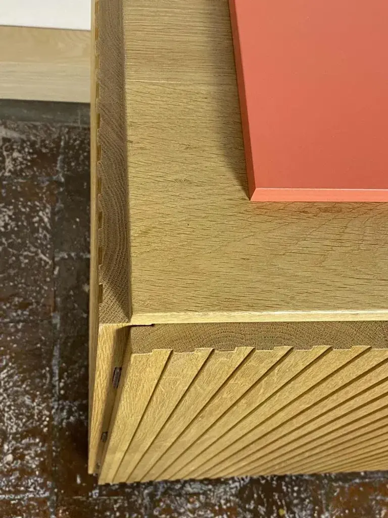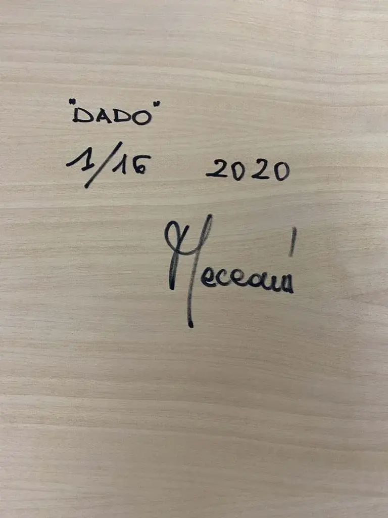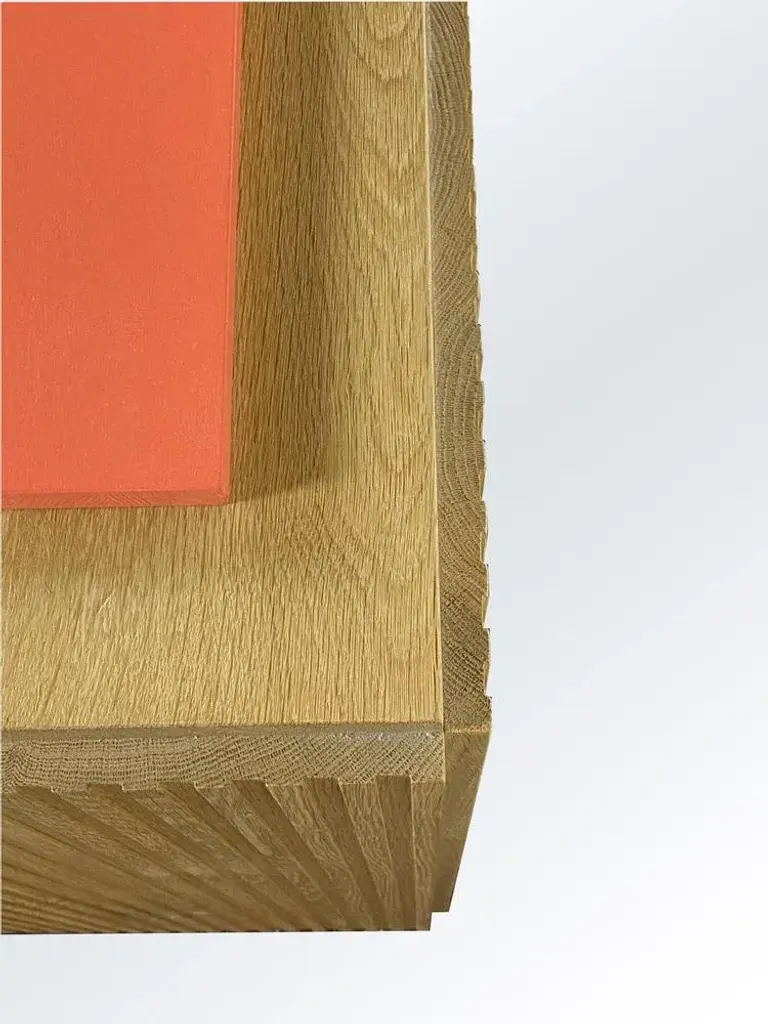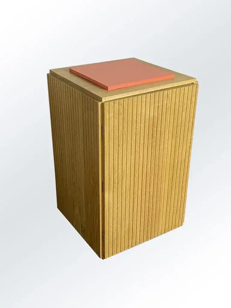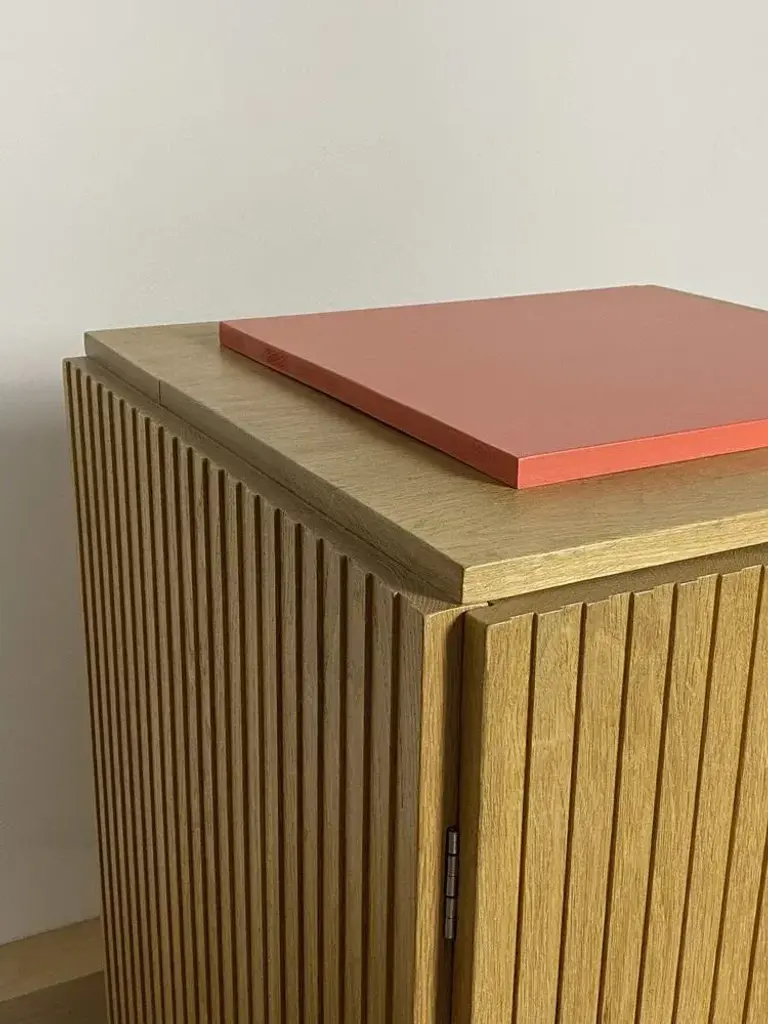 "Dado" belief by Pietro Meccani for Meccani Design, 2020. Credenza made of oak with an door and an internal shelf. Lacquered top. Limited edition of 16 pieces all with autographed signature by the author, date and numbering. Signed by Maker,Numbered
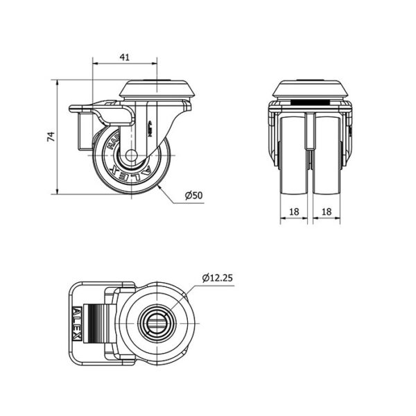 Rueda polipropileno-plastico giratoria con freno Alex diametro 50 mm. modelo 1-0568 EAN 8422202105680
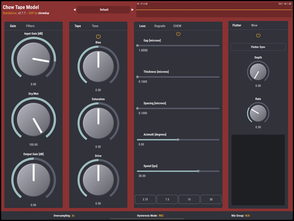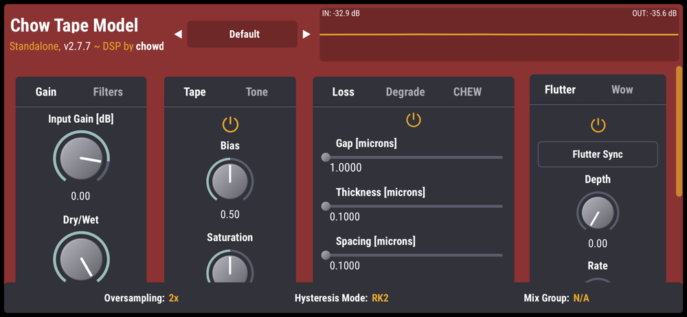 CHOW Tape Model is a physical model of an analog tape machine, implemented as an audio plugin. The model has parameters for tape distortion, playhead loss, wow/flutter, tape degradation, and more. Originally designed to emulate the Sony TC-260 reel-to-reel tape machine, the current version can emulate a wide range of tape machines and tape types.
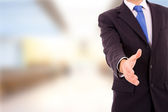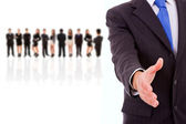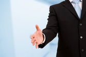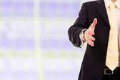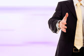 biznesmen z otwartej dłoni gotowa do uszczelnienia ofertę w ofi
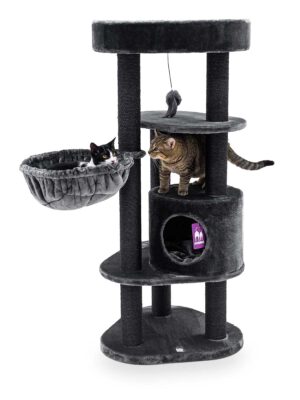 Petrebels krabpalen met hangmat zijn de perfecte combinatie van comfort en stabiliteit voor jouw geliefde kat. Onze hangmatten zijn ontworpen met duurzaamheid in gedachten, waardoor ze stevig genoeg zijn om tot wel 25 kg te dragen. Jouw kat kan nu genieten van ultiem ontspannen, zwevend boven de wereld, terwijl de krabpaal zorgt voor de nodige klauwonderhoud. Met Petrebels kies je niet alleen voor kwaliteit, maar geef je je harige vriend ook een heerlijke plek om te luieren en te krabben. Maak van de krabpaal met hangmat een waar paradijs voor jouw kat!
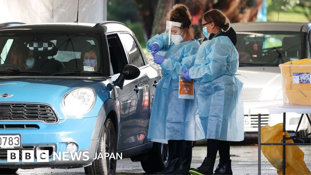 画像説明, ニュージーランド・オークランドの駐車場で検査を受ける人たち。同国は感染者の増加で困難な状況に直面している
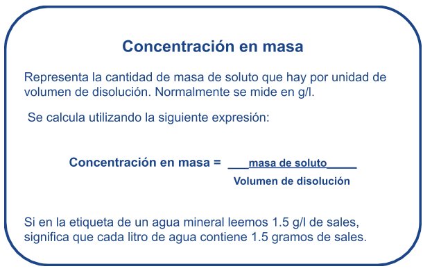 La concentración es la cantidad de soluto que hay en una cierta cantidad de disolución.
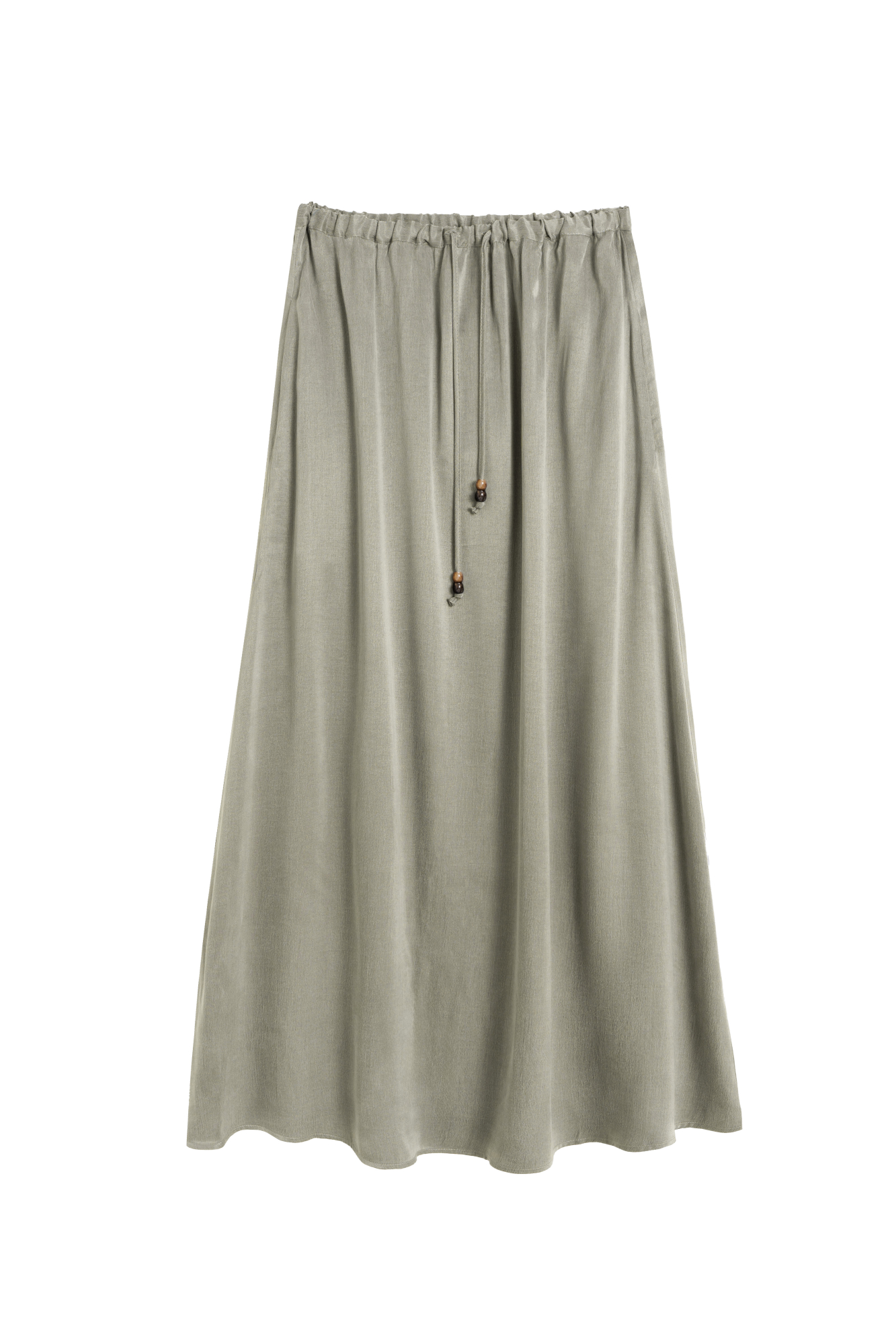 Юбка длины макси из купры. Модель свободного силуэта на кулиске с поясом, декорированным бусинами.
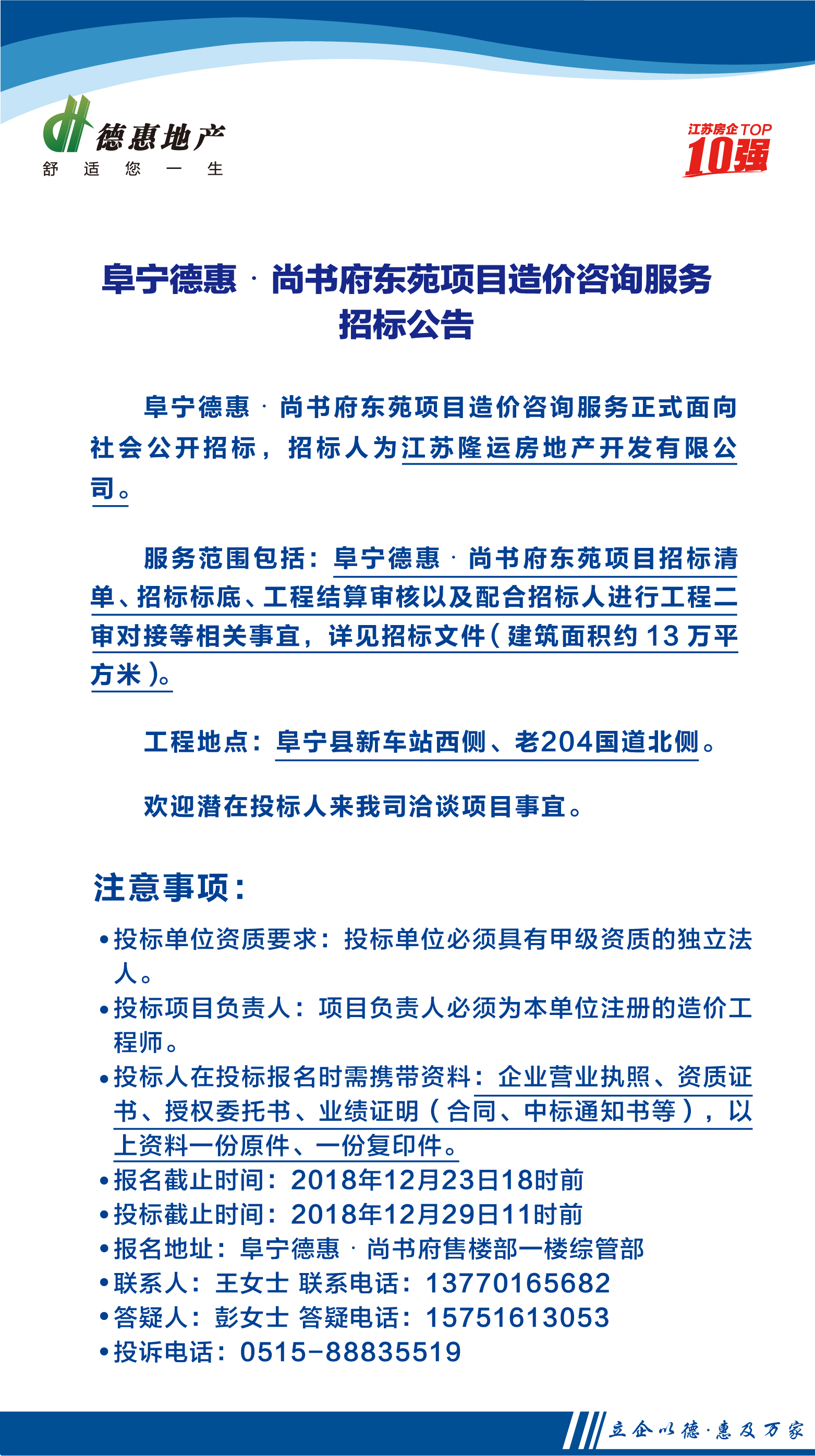 阜寧德惠·尚書(shū)府東苑項(xiàng)目造價(jià)咨詢(xún)服務(wù)招標(biāo)公告
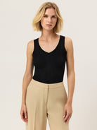 V-Neck Rib Top In Viscose blend With Pointelle Detail
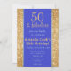 This modern "50and fabulous" birthday invitation is designed with elegant glittery looking gold borders. The centre background is blue and is bordered on both sides with a line of lighter blue to compliment the design. The text uses elegant typography in matching blue and gold ink. The text colours and font can be changed easily using the edit menu if you choose. The back of the invitation continues the gold glittery looking theme.

____________________

= Your instructions =
If an entry above contains a picture, leave that picture out and copy everything else exactly.

= Final answer =
 "Dado" belief by Pietro Meccani for Meccani Design, 2020. Credenza made of oak with an door and an internal shelf. Lacquered top. Limited edition of 16 pieces all with autographed signature by the author, date and numbering. Signed by Maker,Numbered
 Rueda polipropileno-plastico giratoria con freno Alex diametro 50 mm. modelo 1-0568 EAN 8422202105680
 CHOW Tape Model is a physical model of an analog tape machine, implemented as an audio plugin. The model has parameters for tape distortion, playhead loss, wow/flutter, tape degradation, and more. Originally designed to emulate the Sony TC-260 reel-to-reel tape machine, the current version can emulate a wide range of tape machines and tape types.
 biznesmen z otwartej dłoni gotowa do uszczelnienia ofertę w ofi
 Petrebels krabpalen met hangmat zijn de perfecte combinatie van comfort en stabiliteit voor jouw geliefde kat. Onze hangmatten zijn ontworpen met duurzaamheid in gedachten, waardoor ze stevig genoeg zijn om tot wel 25 kg te dragen. Jouw kat kan nu genieten van ultiem ontspannen, zwevend boven de wereld, terwijl de krabpaal zorgt voor de nodige klauwonderhoud. Met Petrebels kies je niet alleen voor kwaliteit, maar geef je je harige vriend ook een heerlijke plek om te luieren en te krabben. Maak van de krabpaal met hangmat een waar paradijs voor jouw kat!
 画像説明, ニュージーランド・オークランドの駐車場で検査を受ける人たち。同国は感染者の増加で困難な状況に直面している
 La concentración es la cantidad de soluto que hay en una cierta cantidad de disolución.
 Юбка длины макси из купры. Модель свободного силуэта на кулиске с поясом, декорированным бусинами.
 阜寧德惠·尚書(shū)府東苑項(xiàng)目造價(jià)咨詢(xún)服務(wù)招標(biāo)公告
 V-Neck Rib Top In Viscose blend With Pointelle Detail
 This modern "50and fabulous" birthday invitation is designed with elegant glittery looking gold borders. The centre background is blue and is bordered on both sides with a line of lighter blue to compliment the design. The text uses elegant typography in matching blue and gold ink. The text colours and font can be changed easily using the edit menu if you choose. The back of the invitation continues the gold glittery looking theme.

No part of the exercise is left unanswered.